Given the global expansion of road infrastructure and its effects on the environment, the development of environmentally friendly and sustainable road materials must be given serious consideration. Bitumen emulsion is used in the production of one of these materials, although road construction always makes the most use of bitumen because of its suitable properties of bitumen emulsion, however, technical and scientific barriers continue to prevent its widespread application. There are numerous variables that can influence how bitumen emulsions are produced and their composition. Because so many tests are performed to ensure the desired properties, such as emulsion stability, viscosity, droplet size (and distribution), and bitumen emulsion chemistry, obtaining the desired product is largely dependent on a series of random and time-consuming trials. A number of pre-established formulation processes have been presented in the literature. Others are still not well understood enough to be used in the formulation of bitumen emulsions, and some have technical constraints that prevent them from being used in practical industrial applications. It may be useful to discuss some significant issues in this field in order to provide bitumen emulsion manufacturers with a user manual when attempting to create a well-defined bitumen emulsion that best suits their use in pavement infrastructure rather than simply meeting standard specifications. 
This review paper aims to enable the full potential of bitumen emulsion by reviewing current research on bitumen emulsion manufacturing and discussing the literature that has been published to date on the subject in the fields of bitumen emulsion manufacturing and emulsion chemistry. Bitumen emulsion is in high demand in the pavement construction industry. It has a wide range of applications, including surface treatment, tack coating, and cold recycling mixtures. A novel technique known as a bitumen emulsion can liquefy bitumen by dispersing it in water. Bitumen emulsions have a significant advantage over hot bitumen in terms of energy efficiency due to their lower viscosity. Furthermore, the process consumes less energy and poses fewer fire and burn hazards. As a result, the cold mix emits fewer hydrocarbons that harm the ozone layer. Bitumen is considered the dispersed phase in an oil-in-water (O/W) emulsion system, with water (or soap) serving as the continuous phase. To ensure phase compatibility, non-ionic, anionic, or cationic surfactants are added at a concentration of 1-2 weight percent of the total mass of the bitumen emulsion. According to industrial experience, the ideal emulsion for road applications has a high bitumen content, typically ranging from 60 to 70%, a unimodal droplet size distribution, and an average droplet size ranging from 5 to 15 m. Surfactants reduce the viscosity of the system in comparison to the initial viscosity of the bitumen. The amphiphile molecule (surfactant) prevents droplet coalescence by lowering the interfacial tension between bitumen and water, stabilizing the system and enabling emulsification. A bitumen emulsion's primary characteristics, such as type, average drop size, size distribution, rheology, and stability, as well as its additional use characteristics, such as adhesion on the substrate, must be tailored to a specific pavement application. 
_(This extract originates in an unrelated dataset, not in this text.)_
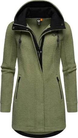 Damen eleganter Teddy-Fleecemantel warme lange Übergangsjacke Tedyco YOUMODO Pine Green Gr. L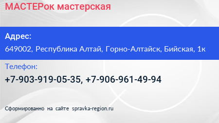 МАСТЕРок, мастерская по адресу 649002, Республика Алтай, Горно-Алтайск, Бийская, 1к в дальнейшем Организация, размещена в следующих категориях:

Engineers used to work with hot mixes face new challenges as a result of cold mixture technology. In contrast to hot mixtures, which rely on the viscoelastic properties of the bitumen, emulsion mixtures introduce a new set of conditions that must be controlled in order to successfully produce and lay these materials. One of the main barriers to the widespread use of bitumen emulsion in cold recycling is its low early mechanical performance, such as low bearing capacity and adhesion. More specifically, it is the bitumen emulsion's inability to form sufficient bonding in the mixture skeleton, which typically takes time and is caused by incompatibility between the bitumen emulsion and aggregate (even more complex with RA aggregate due to aged bitumen). The surface chemistry of the aggregate becomes important, and different aggregate types require different emulsion formulations based on their mineralogies. The difficulty of creating an emulsion is typically controlled by selecting the appropriate components and quantities for each (surfactant, bitumen, and aqueous phase). The optimized formulation should produce an emulsion with the desired emulsion breaking time, either during mixing or compaction, as well as proper aggregate coating, resulting in a gradual increase in strength. However, the material's initial workability or storage capacity, as well as the subsequent development of mechanical strength in situ, create competing requirements. The formulation and emulsification technique optimization may be fairly simple by separating and managing the various factors independently. There has been little scientific research on bituminous emulsions, and even fewer publications in the fields of chemistry and formulation methods.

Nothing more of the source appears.